I've had my reef for a couple years now and am usually pretty anal about water changes, either once a week but never go past 2 so i never checked for phosphates figuring they were low. All of a sudden EVERYTHING in my tank took a turn for the worst so I got it checked out and everything was good but phosphates were through the roof which tells me my tap water is bad! I'm getting a RODI unit...my question is 3-6 stage????...which one is sufficient. I don't want to get a 6 stage if i don't need it. I have a 180 gallon tank. 
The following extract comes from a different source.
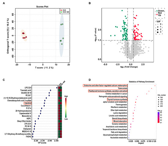 Alterations in the composition of gut microbes can result in changes in intestinal metabolites. To further explore the effect of nodakenin on intestinal metabolites, an untargeted metabolomic analysis of feces was performed using LC-MS. The PLS-DA analysis showed that the sample points in the OVX and OVX-NK groups did not overlap at all. This means that the mixtures of metabolites were very different (Figure 6A). The variable significances of VIP > 1 and p < 0.05 were used to screen for differential metabolites between the two groups. Out of a total of 2080 metabolites, 113 showed significant differences. Among them, 48 exhibited considerably higher relative levels, while 65 had significantly lower relative levels (Figure 6B). The top 20 differential metabolites with VIP values were selected for presentation, including LPG 22:6, traumatic acid, and calcitriol (Figure 6C). Notably, the group that was administered nodakenin had much higher levels of calcitriol, a metabolite that helps bones form (Figure 6C). Further metabolite enrichment analysis showed that nodakenin treatment had significant effects on multiple metabolic pathways, involving endocrine and other factor-regulated calcium reabsorption, tuberculosis, retrograde endocannabinoid signaling, alpha-Linolenic acid metabolism, thermogenesis, riboflavin metabolism, ether lipid metabolism, mineral absorption, etc., (Figure 6D).

I added a carbon reactor last night with half GFO to slowly lower the phosphate level.


----------



## coralbandit (Jul 29, 2012)

Check out Bulk Reef Supply(BRS).I got the 6 stage chloramine deluxe and actually added another canister(to prefilter{overkill I know}).I love the filter it works incredibly.The 6 stage I got came with HM meter for all stages and a TDS meter that measures before and after DI(dual stage, which I think is appropriate as when one exhaust the other is still in full force.)I move the second DI to the first station and place new in station 2(as per instructions).The kit was well priced and came with float valve(to automatically shut off holding tank&refill when I use water) and 3 types of plumbing connections to hook up however you want.Also the refills for filter are very reasonably priced.I was a skeptic before this unit(always used distilled)but have nothing but compliments on the whole system.Get DI which ever way you go as standard RO still leaves some TDS in water and the DI COMPLETELY removes them.


----------



## Reefing Madness (Aug 12, 2011)

Ya don't need a 6 stage ro/di unit. Plain old 3-4 stage will get it done. With todays carbon technology, there is no reason to get one with 2 carbon cylinders. I don't even use the DI anymore in mine, but i've got Macro Algae to clear up that lil bit left over, your GFO or ChemiPure Elite would more than take care of that issue. And the TDS is a good idea also, as stated above.
What was the reading on the Phosphates? If you put GFO in there, that should clean it up for you, you'll just have to run it all the time.


----------



## Noochy12 (May 27, 2011)

Phosphates were 150. I'd rather not run the GFO all the time but only as needed. If I get the clean water from the rodi, i think I'll have better control of the parameters.

Do you have any suggestions on units?


----------



## Reefing Madness (Aug 12, 2011)

Spectra Pure is the best.
SpectraPure Water Purification Products


----------